### Material provided ###

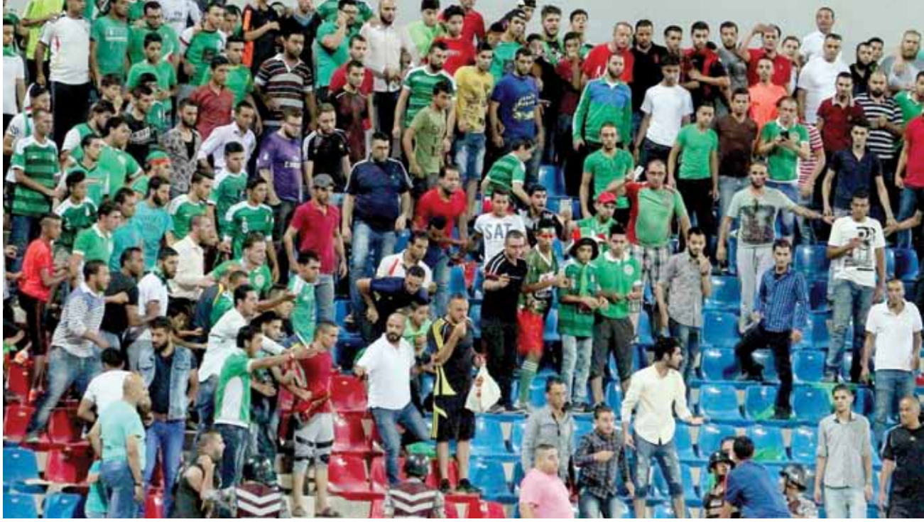
جماهير الوحدات بانتظار قرارات اللجنة التأديبية
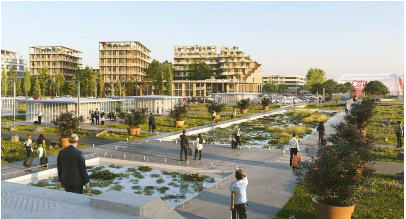
Le 1er macro-lot d'Avignon-Confluences vu depuis le parvis de la gare. ©Leclercq Associés &

Il faut dire qu'en guise de cadeau d'adieu, beaucoup pointent du doigt en 'off' une ministre, aussi rancunière que malheureuse après des élections municipales perdue à Avignon en 2001, d'avoir eu 'la bonne idée d'œuvrer' à ce que l'évaluation des risques d'inondation ne soit plus estimée par rapport à une crue centennale mais par rapport à une crue millénale. Et histoire de bien verrouiller l'affaire, outre le Rhône, ce risque avait été aussi étendu à la Durance. Pas étonnant dans ces conditions que les programmes apparaissent au compte-gouttes et qu'il soit difficile de réaliser des projets d'envergures comprenant notamment un geste architectural emblématique.
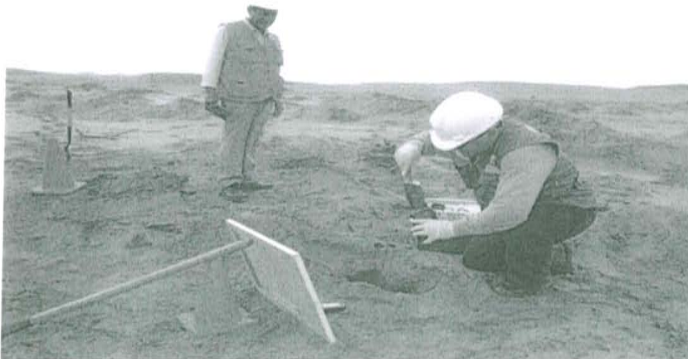
Fotografía N° 2. Toma de muestra de suelo en el punto F01400-SU02, ubicado a 1,6 m aproximadamente del Pozo T1155.

###

### Required action
Go through the listing above and quote it exactly, apart from its images.

### Solution
جماهير الوحدات بانتظار قرارات اللجنة التأديبية
Le 1er macro-lot d'Avignon-Confluences vu depuis le parvis de la gare. ©Leclercq Associés &

Il faut dire qu'en guise de cadeau d'adieu, beaucoup pointent du doigt en 'off' une ministre, aussi rancunière que malheureuse après des élections municipales perdue à Avignon en 2001, d'avoir eu 'la bonne idée d'œuvrer' à ce que l'évaluation des risques d'inondation ne soit plus estimée par rapport à une crue centennale mais par rapport à une crue millénale. Et histoire de bien verrouiller l'affaire, outre le Rhône, ce risque avait été aussi étendu à la Durance. Pas étonnant dans ces conditions que les programmes apparaissent au compte-gouttes et qu'il soit difficile de réaliser des projets d'envergures comprenant notamment un geste architectural emblématique.
Fotografía N° 2. Toma de muestra de suelo en el punto F01400-SU02, ubicado a 1,6 m aproximadamente del Pozo T1155.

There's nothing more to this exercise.